Amey Pasarkar

I am a PhD student at Princeton University, working in Vertaix on efficient data curation and evaluation algorithms for AI models. I am fortunate to be advised by Professor Adji Bousso Dieng and am generously supported by a NSF Graduate Research Fellowship.

Prior to joining Princeton, I graduated from Columbia University with a degree in Operations Research, where I had the privilege of working under Professor Itsik Pe'er on designing probabalistic graphical models for microbial dynamics. I have also recently interned at Amazon Science on the Fire TV team.

You can contact me at amey [dot] pasarkar [at] princeton [dot] edu.

CV  /  Google Scholar  /  GitHub  /  LinkedIn

profile photo

Research

Datasets have exploded in size, yet our ability to measure what they actually contain remains limited. I develop scalable methods for analyzing and curating large datasets, with a focus on generative modeling, and efficient training across image, text, and scientific domains.

Vendi Novelty Scores for Out-of-Distribution Detection

Amey P. Pasarkar, Adji Bousso Dieng
arXiv pre-print, 2026

We introduce an efficient, diversity-based Out-of-Distribution detection algorithm that achieves state-of-the-art performance on numerous image classification datasets and model architectures.

The Vendiscope: An Algorithmic Microscope For Data Collections

Amey P. Pasarkar, Adji Bousso Dieng
arXiv pre-print, 2025

We introduce the Vendiscope, a scalable algorithmic microscope for analyzing the contents of datasets and behaviors of models in any domain where similarity can be defined.

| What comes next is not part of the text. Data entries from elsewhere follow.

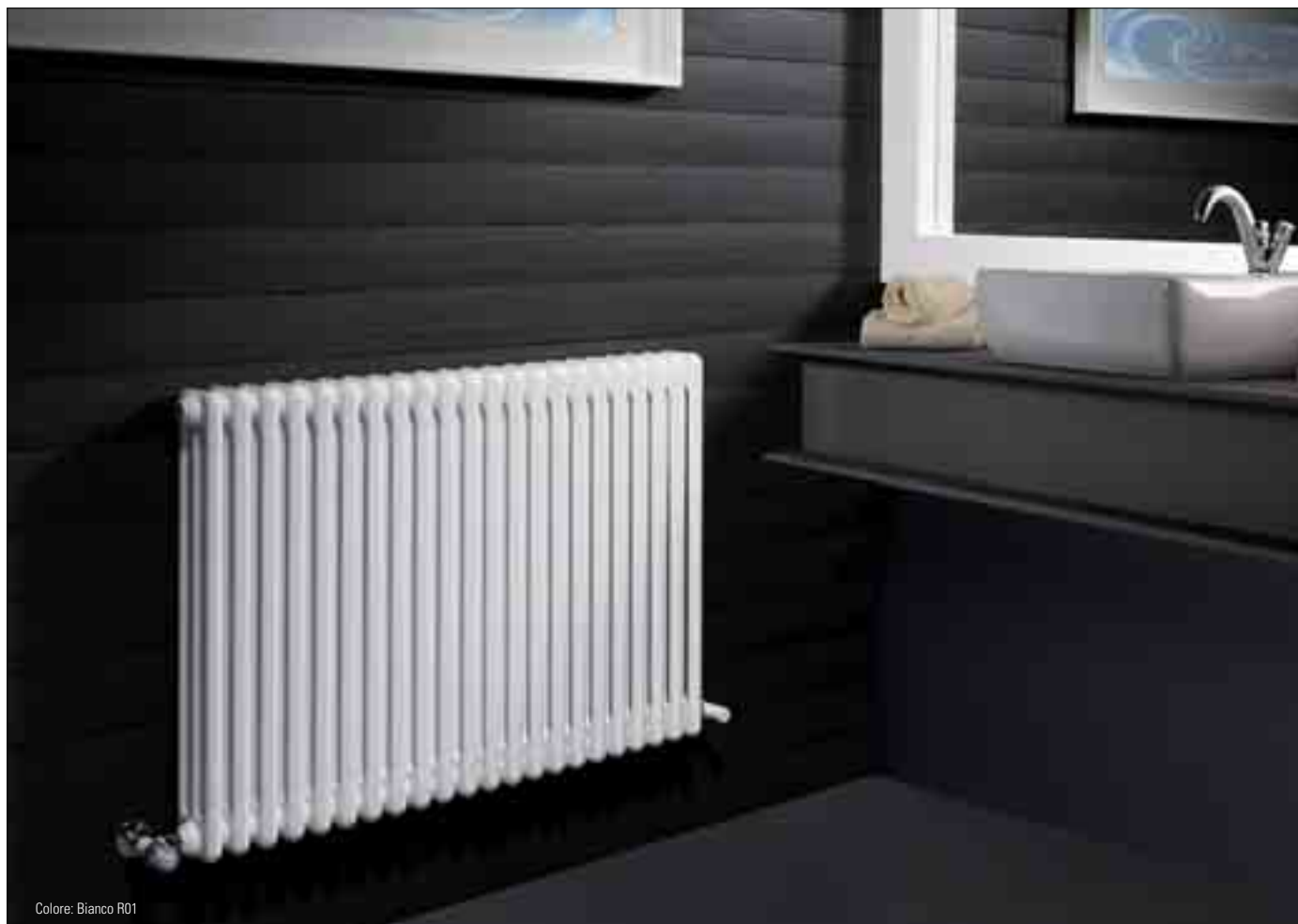
Colore: Bianco R01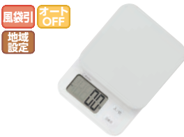
⑦ドリテック デジタルスケール 「ブランジェ」2kg ホワイト ㊦

●追加計量に便利な、オートゼロモード付 ※材料をはかりに乗せて、4秒後に自動的に0になります。 ●各材料の正味量が確認できる計量確認機能付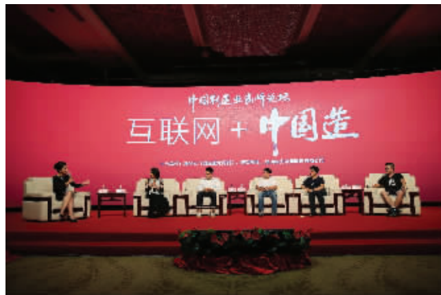
中国制造业高峰论坛现场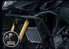
กันลั่นถังน้ำมัน TANK GUARD CB500X '18 APMKPAJ17500TA 9,920.-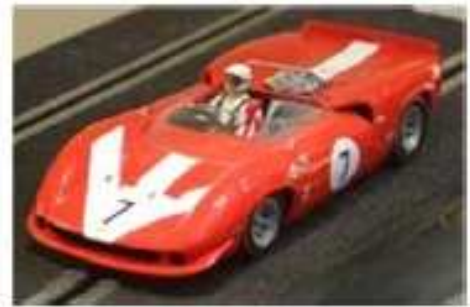
REVELL Lola T70 Spider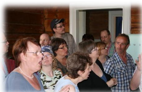
Alla deltagare är f d elever i dövskolan i Borgå, nu bosatta i Sverige och Finland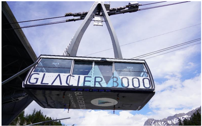
Highlight ! กระเช้าไฟฟ้าขนาดยักษ์ที่จุผู้โดยสารได้ถึง 125 คน

เช้า ๑๐ รับประทานอาหารเช้า ณ โรงแรม (มื้อที่2) นำท่านเดินทางสู่ หมู่บ้านโคล เดอ ปียง (Col De Pillon) เป็นที่ตั้งของสถานี นำท่านนั่งกระเช้าลอยฟ้า สู่ ยอดเขากลาเซียร์ 3000 (Glacier 3000) มีความสูงเกือบ 3,000 เมตรเหนือระดับน้ำทะเล ชมทิวทัศน์อันงดงามของท้องฟ้าและเทือกเขามากมายแบบพาโนรามา และให้ท่านท้าทายความสูงเดินบน "The Peak Walk by Tissot" สะพานแขวนที่มีความยาว 107 เมตรข้ามหน้าผาที่ระดับความสูง 3,000 เมตร ทำให้เป็นสะพานแขวนที่สูงที่สุดในโลก

The Vendiscope can detect outliers and duplicates, diagnose model failure modes, and reveal memorization patterns across modalities, all at scale.

Cousins Of The Vendi Score: A Family Of Similarity-Based Diversity Metrics For Science And Machine Learning

Amey P. Pasarkar, Adji Bousso Dieng
AISTATS, 2024

We generalize the Vendi Score to an entire family of metrics called the "Vendi scores". We demonstrate the utility of these metrics in evaluating image generative models, uncovering patterns of model memorization.

Vendi Sampling For Molecular Simulations: Diversity As A Force For Faster Convergence And Better Exploration

Amey P. Pasarkar, Gianluca M. Bencomo, Simon Olsson, Adji Bousso Dieng
Journal of Chemical Physics, 2023

We propose Vendi Sampling, a method for fast sampling from complex Boltzmann distributions that encourages diversity throughout the sampling process. We demonstrate on various molecular systems that Vendi Sampling outperforms standard Langevin Dynamics.

Directional Gaussian Mixture Models of the Gut Microbiome Elucidate Microbial Spatial Structure

Amey P. Pasarkar, Tyler A. Joseph, Itsik Pe'er
mSystems, 2021

We develop a class of directional Gaussian Mixture models to elucidate the spatial arrangement of the gut microbiome. With no prior information, these models are able to recapitulate known spatial dynamics and propose new ones as well. Research was also presented at Probabalistic Modeling in Genomics, 2021.

Social Distancing and the Internet: What Can Network Performance Measurements Tell Us?

Jessica De Oliveira Moreira, Amey P. Pasarkar, Wenjun Chen Kerry Hu, Jan Janak Henning Schulzrinne
TPRC, 2021

We analyzed fixed broadband usage across the United States in the months following COVID-19 lockdowns to determine the effect of lockdowns on internet usage patterns and network performance. We founds signs of increased congestion following significant changes in user behavior.

Efficient and Accurate Inference of Mixed Microbial Population Trajectories from Longitudinal Count Data

Tyler A. Joseph, Amey P. Pasarkar, Itsik Pe'er
Cell Systems, 2020

We develop a multi-layer probabilistic graphical model that can deconvolve microbiome time-series data into its sources of noise. We show our model can be efficiently fit with variational inference while providing more accurate resuls than existing methods. Also presented at RECOMB 2020.